FastAPI: The Front Door to the OCR Service
FastAPI:
- Accepts PDF uploads and immediately returns a task ID.
- Provides endpoints to poll for task status and download results.
- Delegates heavy processing to the event-driven Celery workers.
What Didn’t Work (and Why)
PaddleOCR singleton failing: A known issue with PaddleOCR - it fails on subsequent OCR calls, most likely because it retains state from previous calls and needs a reset. And reset means almost same overhead of re-creating the object.

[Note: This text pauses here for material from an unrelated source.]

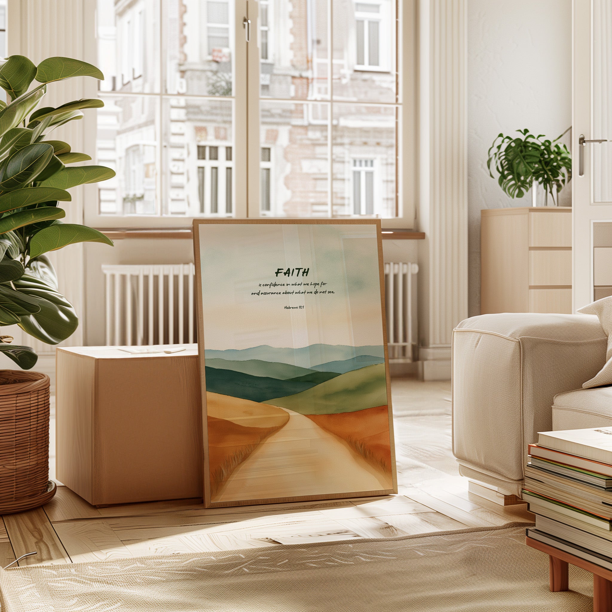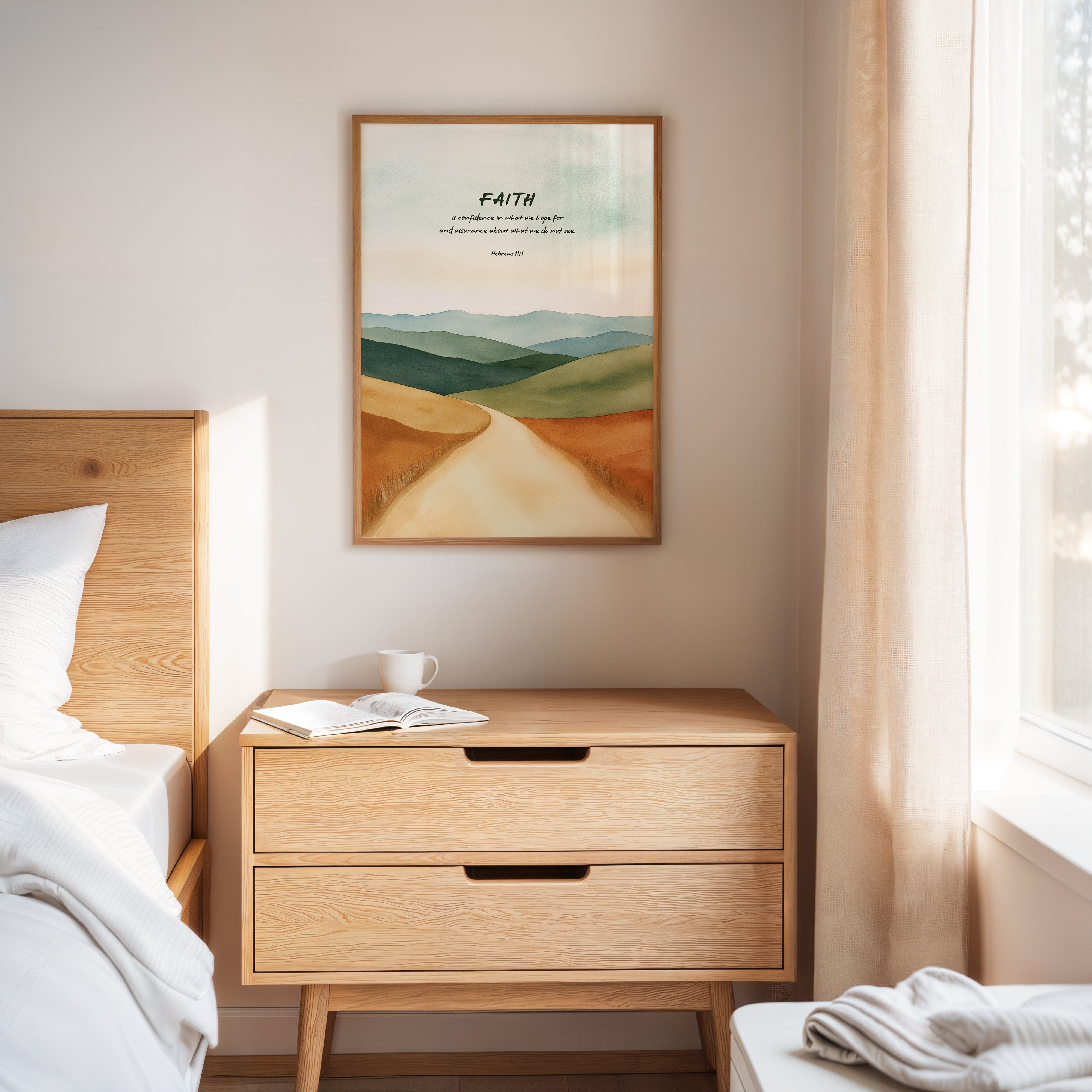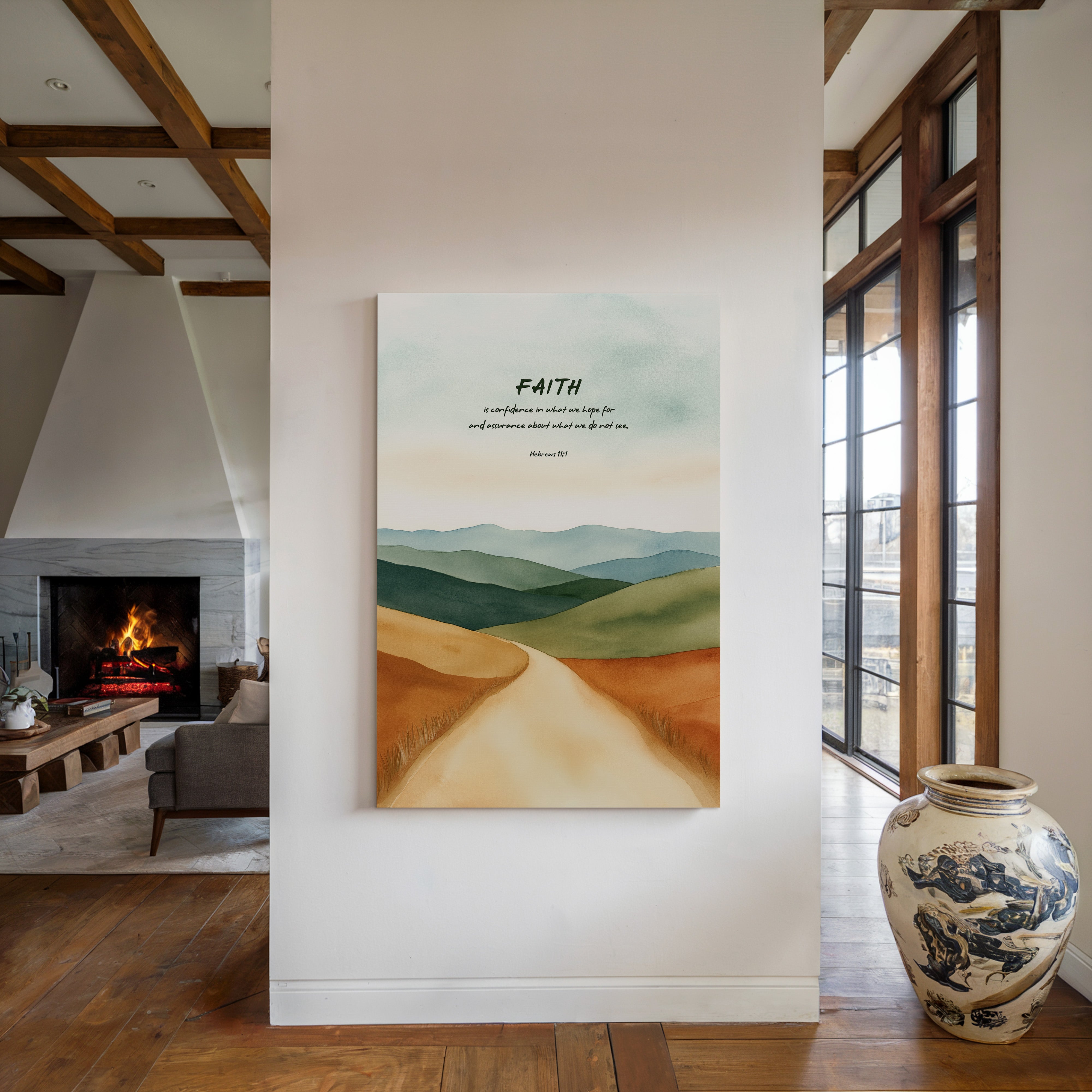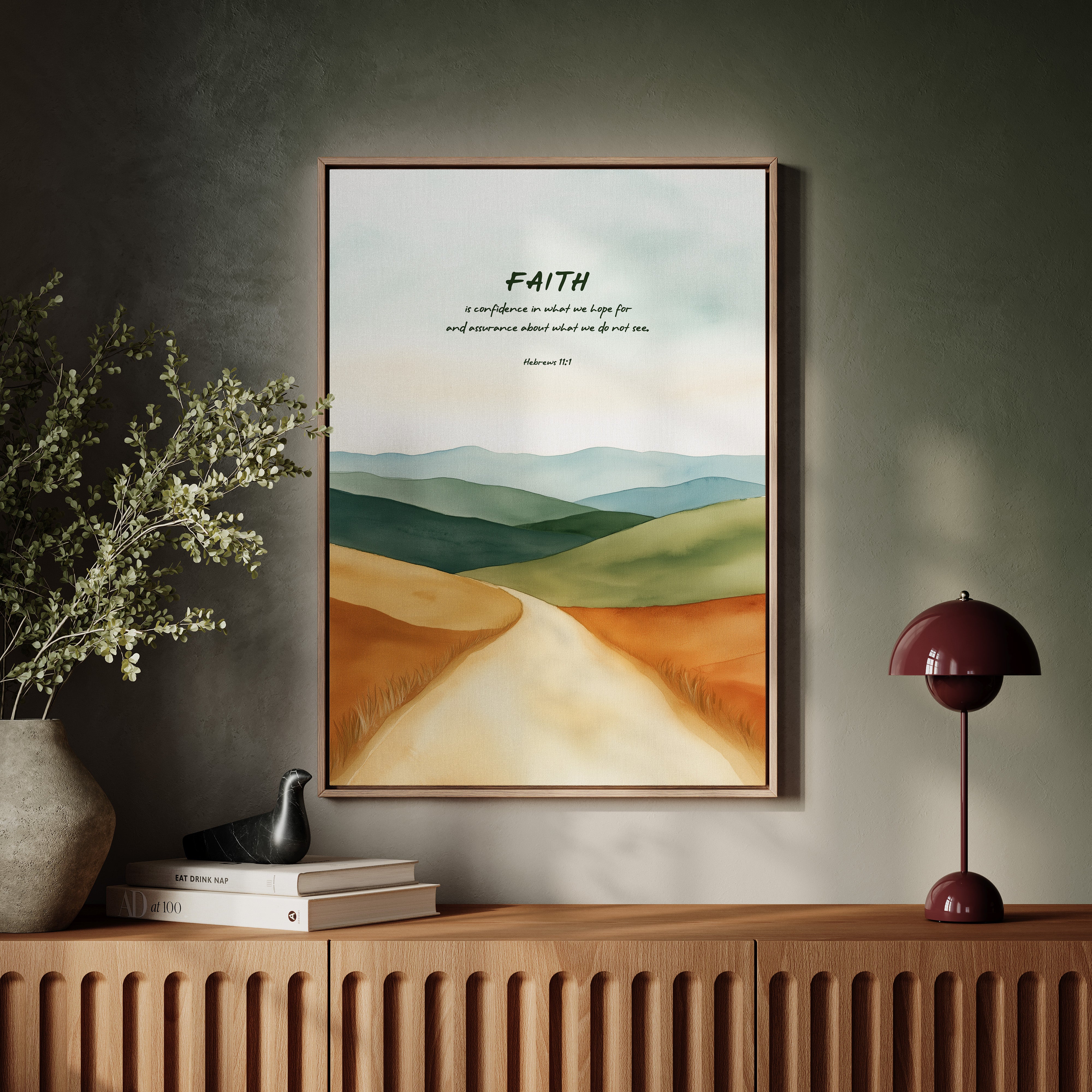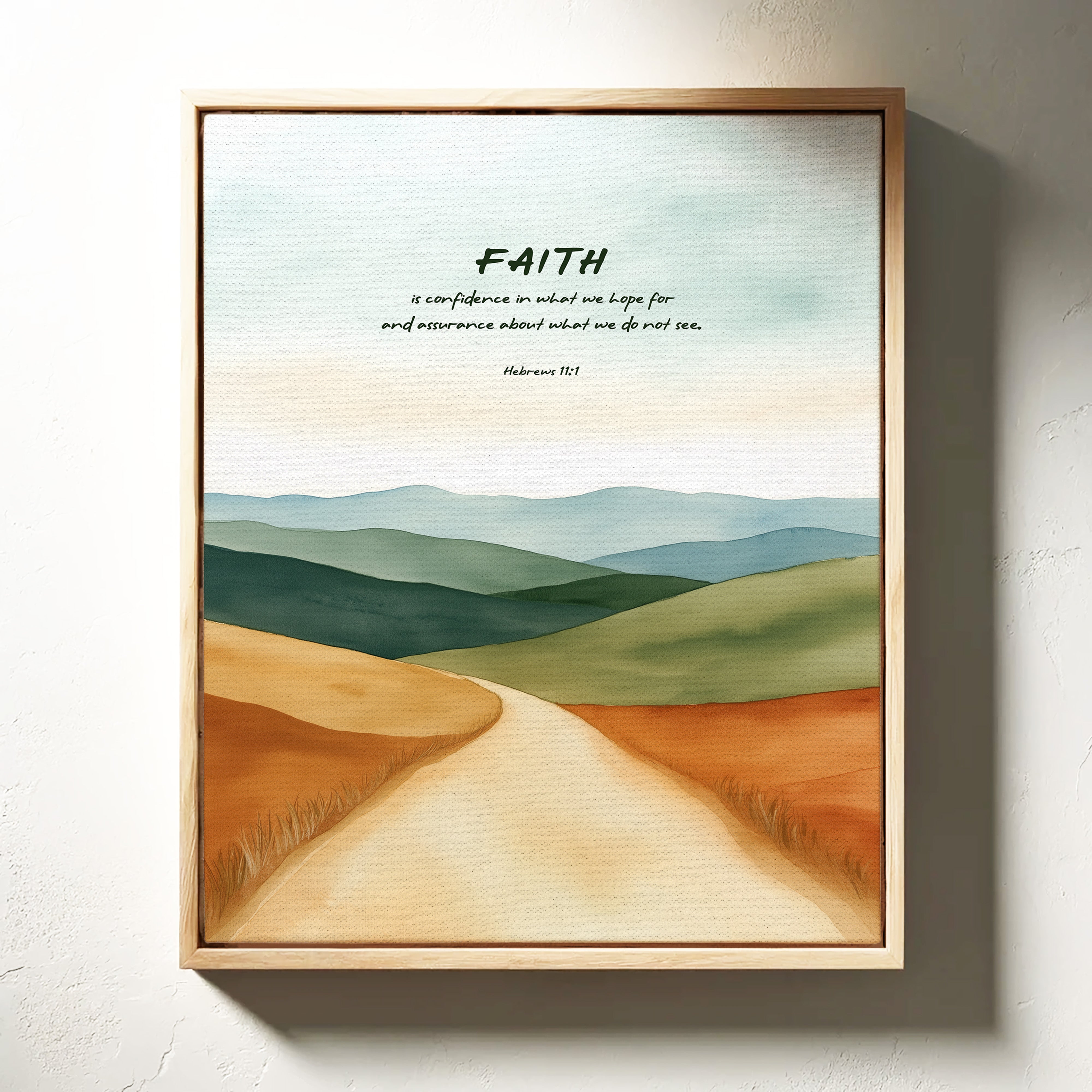 A warm winding road leads into misty mountains, echoing Hebrews 11:1—an invitation to trust beyond what the eye can see.

Serialization of large numpy structures: Recursive serialization of nested numpy data types was an option but seemed too much os headache.
Shared filesystem: This is top on todo list as its necessary to make this horizontally scalable.
What I Learned While Building This
- Keep the Celery payload small. I was surprised how easy it was to create multiple files and re-assemble in different Celery workers
- PaddleOCR is good, but it has quirks. Don’t fight the library - work around it.
- Celery chords turned out to be the perfect fit for multi-page PDFs, but it took me a while to get the signatures right.
Final notes / Next Steps
Core Pipeline Improvements
- Retries & Error Handling
- Per-page retries with backoff
- Custom exceptions for OCR failures
- Fail-fast if >N pages fail
- Cleanup orphan files
- Task Timeouts
- Timeout for each OCR task
- Timeout for orchestration/chord
- Deadline propagation
- Progress Reporting
- Track completed_pages / total_pages
- Publish progress to Redis
- FastAPI poll endpoint or SSE/WebSocket
- Distributed Pipeline (in progress)
- Add shared volume or S3/MinIO
- Convert file paths to storage URIs
- Remove reliance on local disk per worker
Building this thing reminded me that OCR isn’t just text extraction - it’s a messy mix of CPU bottlenecks, weird library quirks, and architectural decisions that don’t show up in tutorials.
Turns out, building a ‘simple OCR service’ is anything but simple — but now it’s fast, scalable, and plays nicely with Paperless-ngx.